++++ DATASET EXTRACT ++++

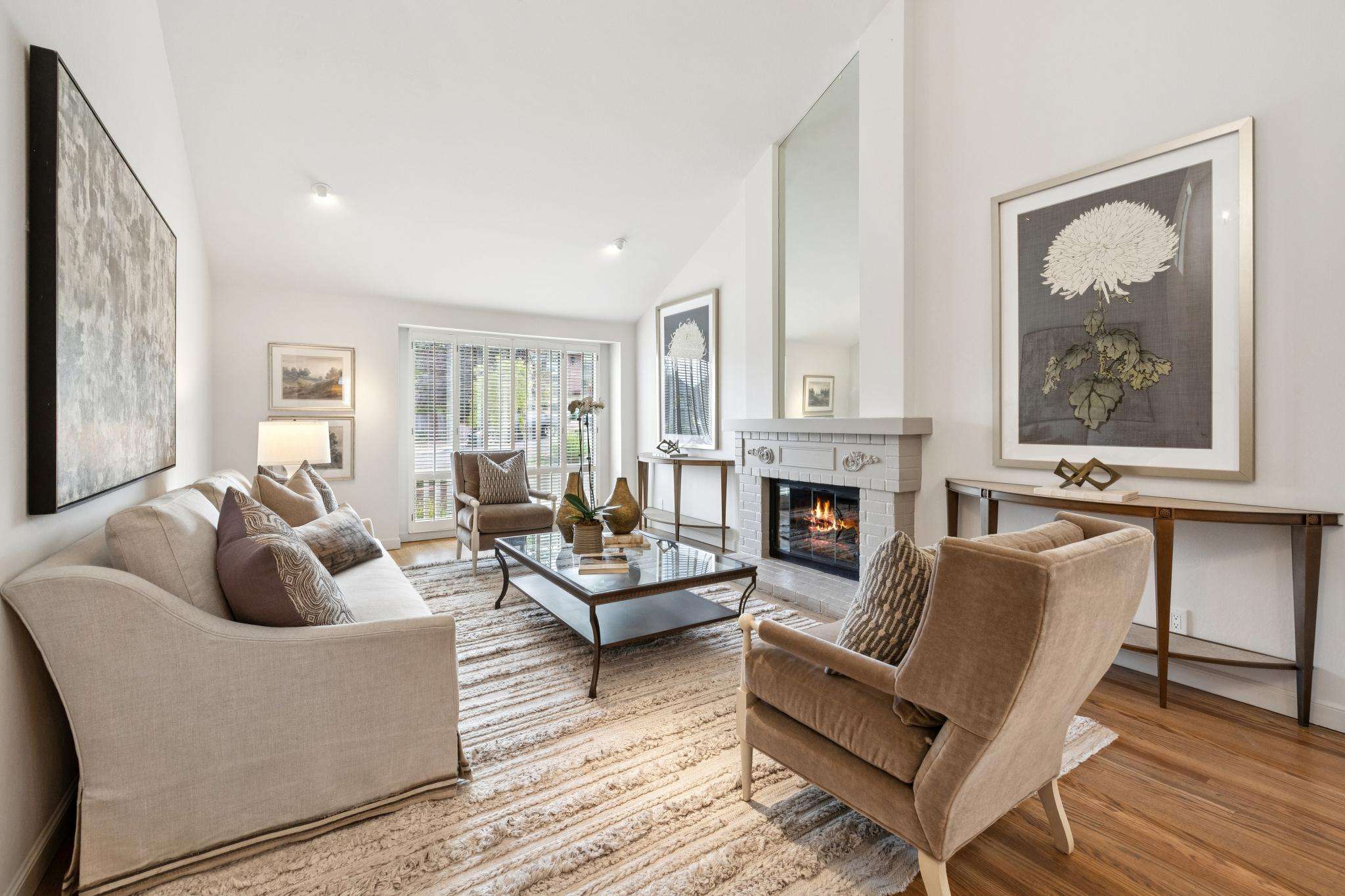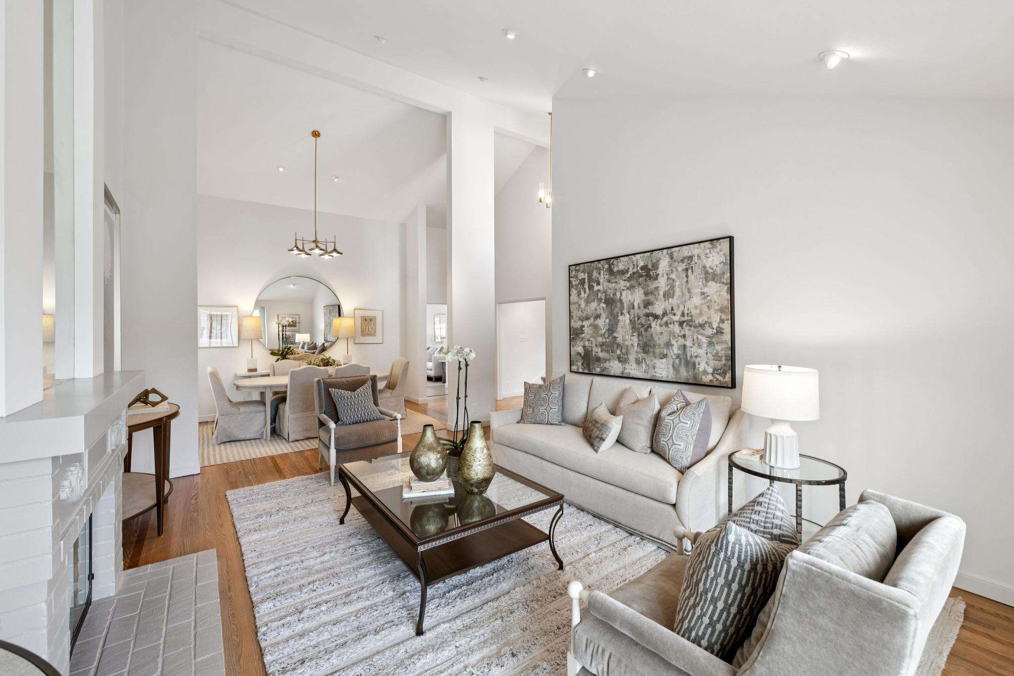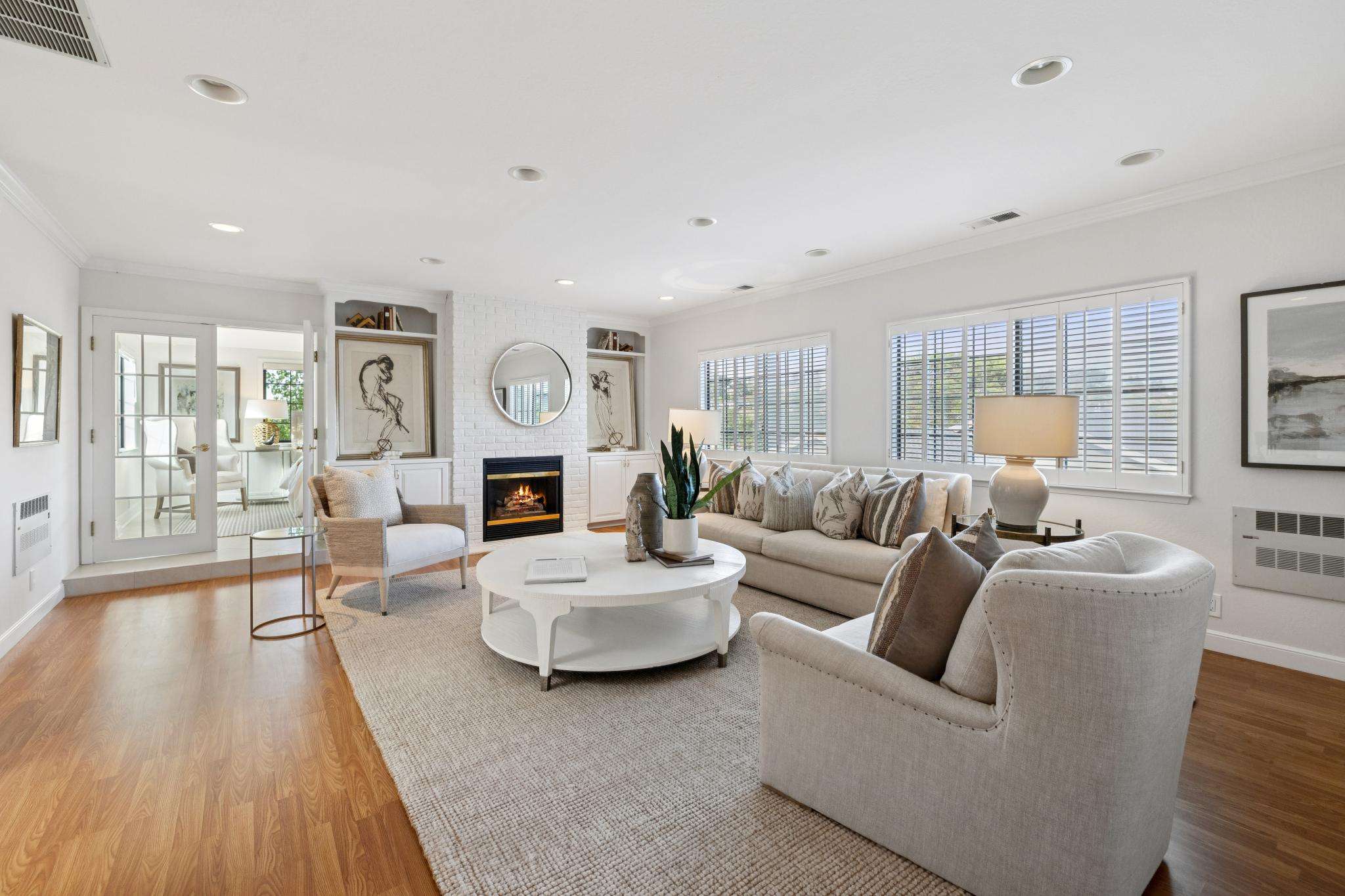 - Grand living room with a stately fireplace and adjoining elegant dining room set the stage for formal entertaining
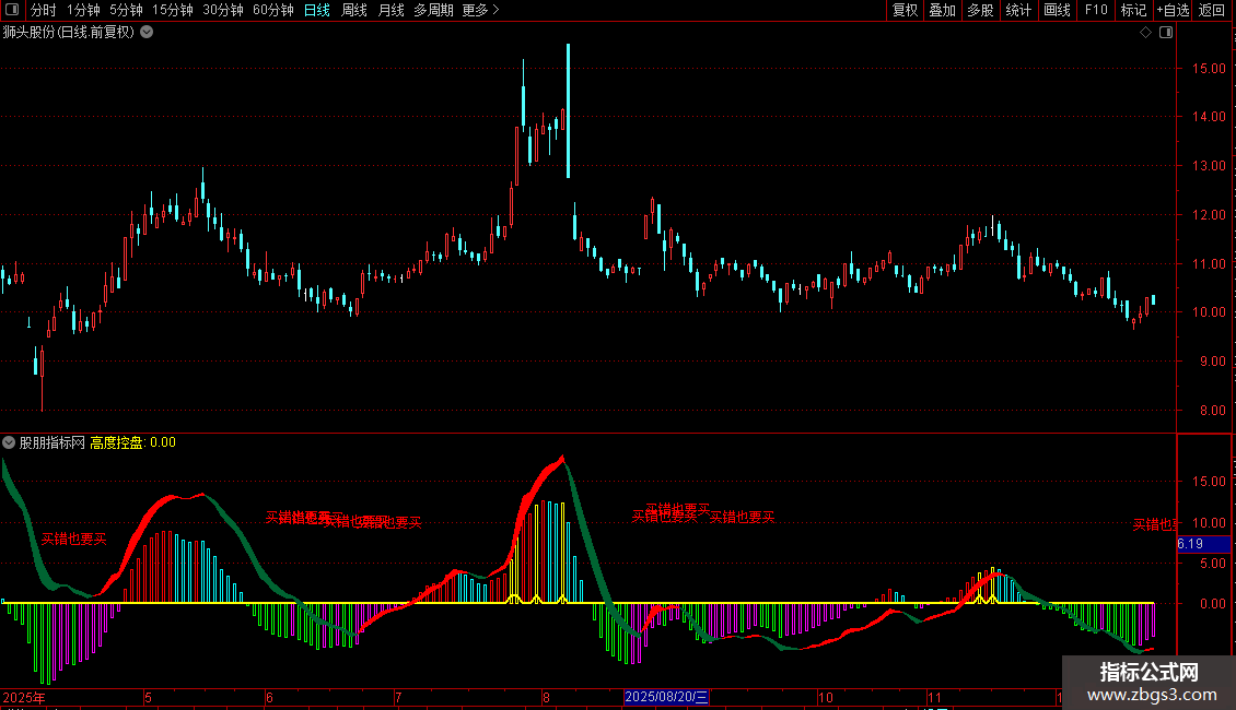 DRAWTEXT(指标王,L,'买错也要买'),COLORRED;
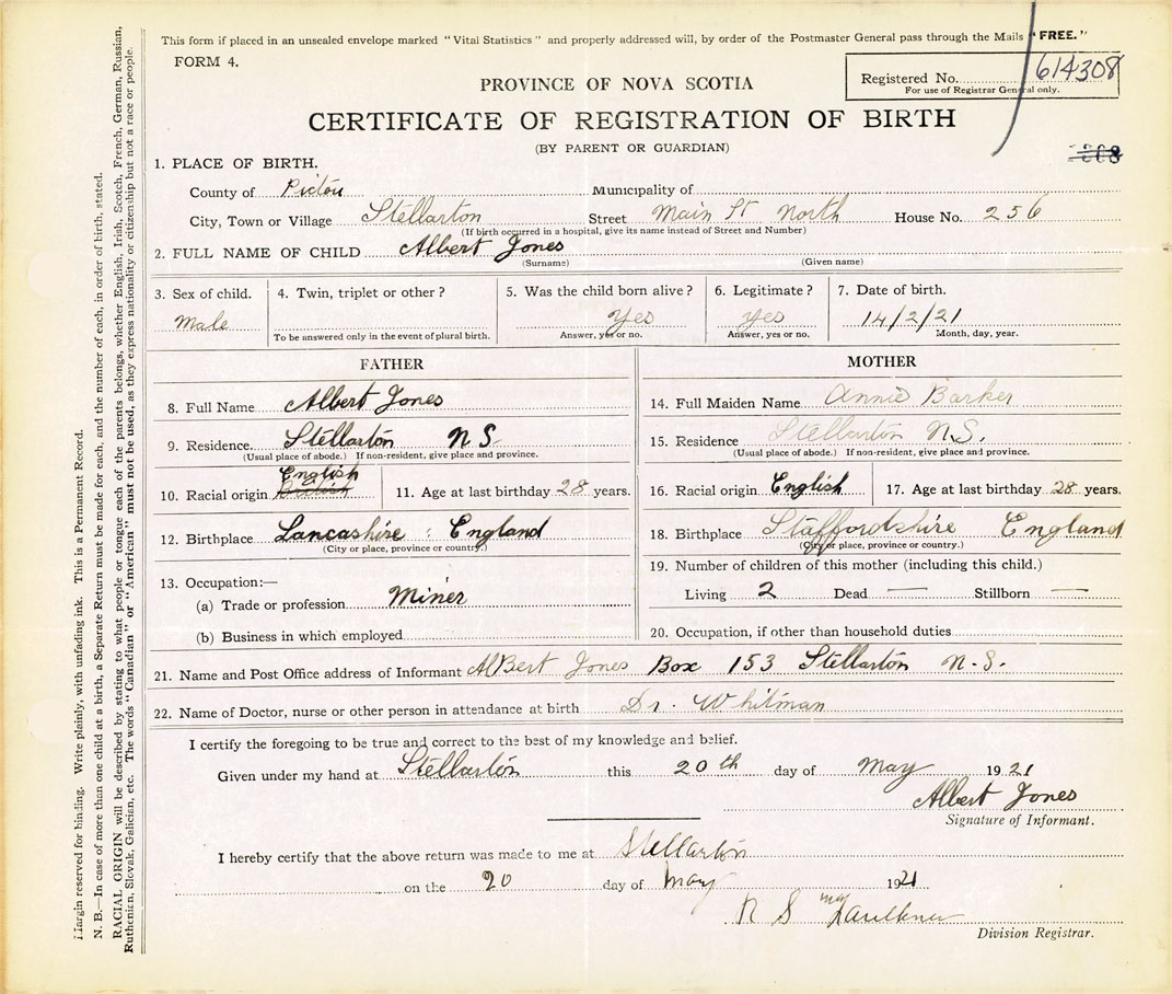 21. Name and Post Office address of Informant Albert Jones Box 153, Stellarton, NS
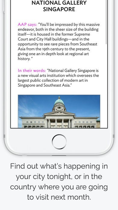 The AAP City Guide app is created by the editors of the ArtAsiaPacific magazine, and features information from the annual edition of the ArtAsiaPacific Almanac, a guide to year in art from 53 countries from across Asia.
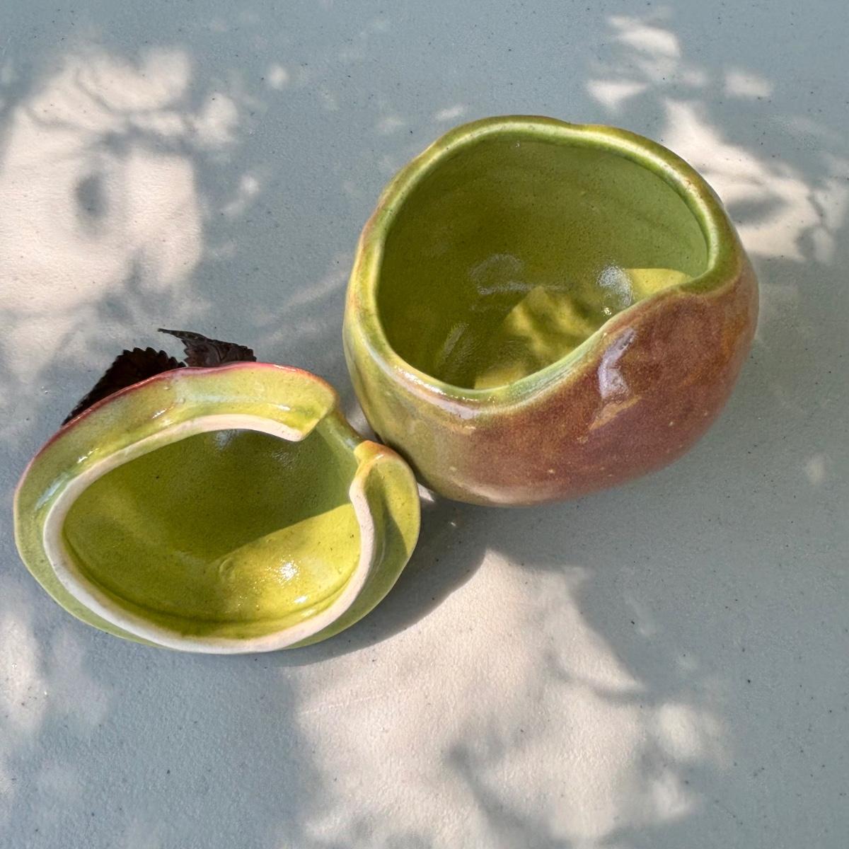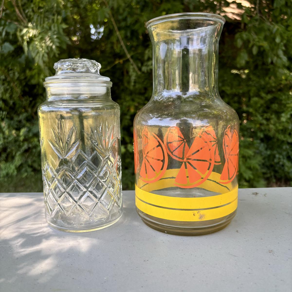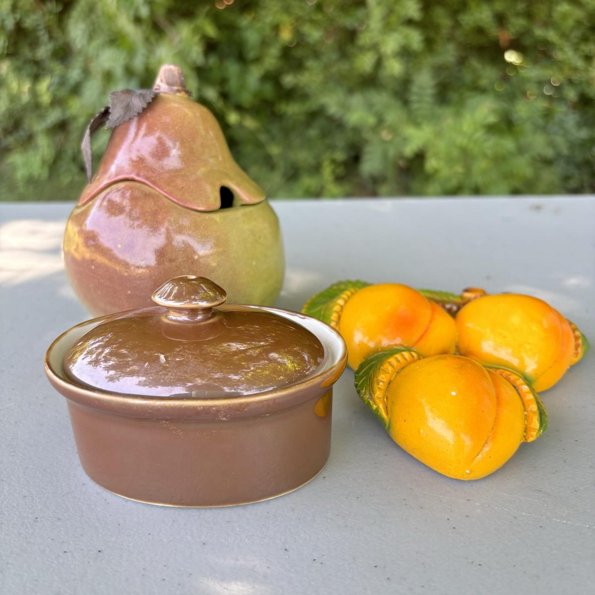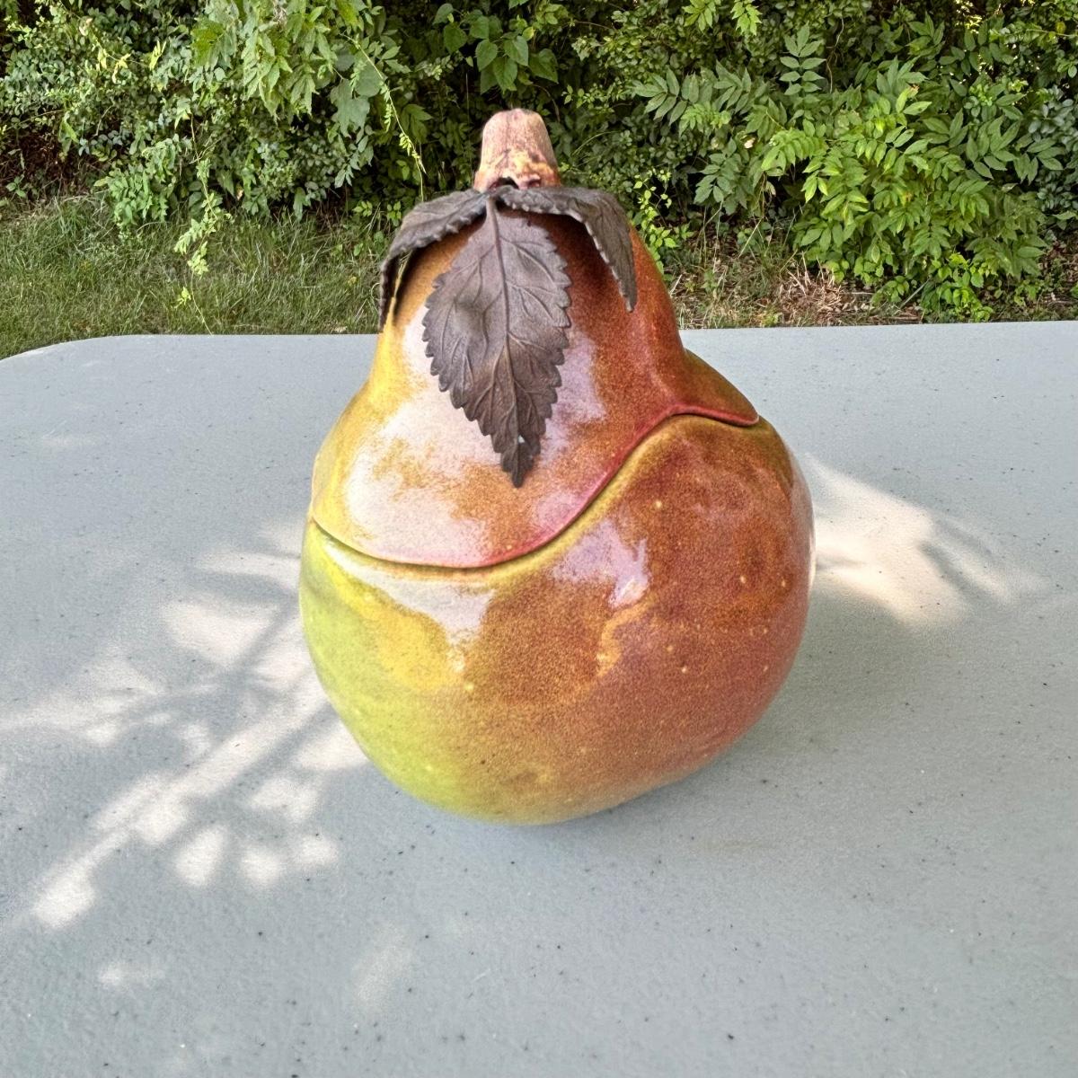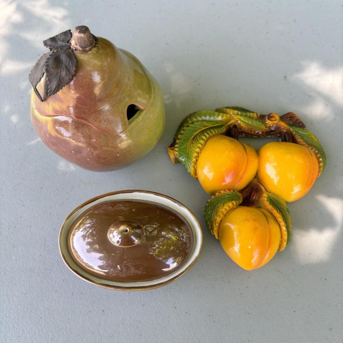 LOT 197: Luminarc Blue & Green Stripe 10.5oz Beverage Glasses, Small Pillivuyt Covered Dish, Signed Pear Sugar Bowl & More

++++

PROBLEM DETAILS ::
Each line of the listing above must be given again exactly; the pictures are to be left out.

YOUR SOLUTION ::
 - Grand living room with a stately fireplace and adjoining elegant dining room set the stage for formal entertaining
 DRAWTEXT(指标王,L,'买错也要买'),COLORRED;
 21. Name and Post Office address of Informant Albert Jones Box 153, Stellarton, NS
 The AAP City Guide app is created by the editors of the ArtAsiaPacific magazine, and features information from the annual edition of the ArtAsiaPacific Almanac, a guide to year in art from 53 countries from across Asia.
 LOT 197: Luminarc Blue & Green Stripe 10.5oz Beverage Glasses, Small Pillivuyt Covered Dish, Signed Pear Sugar Bowl & More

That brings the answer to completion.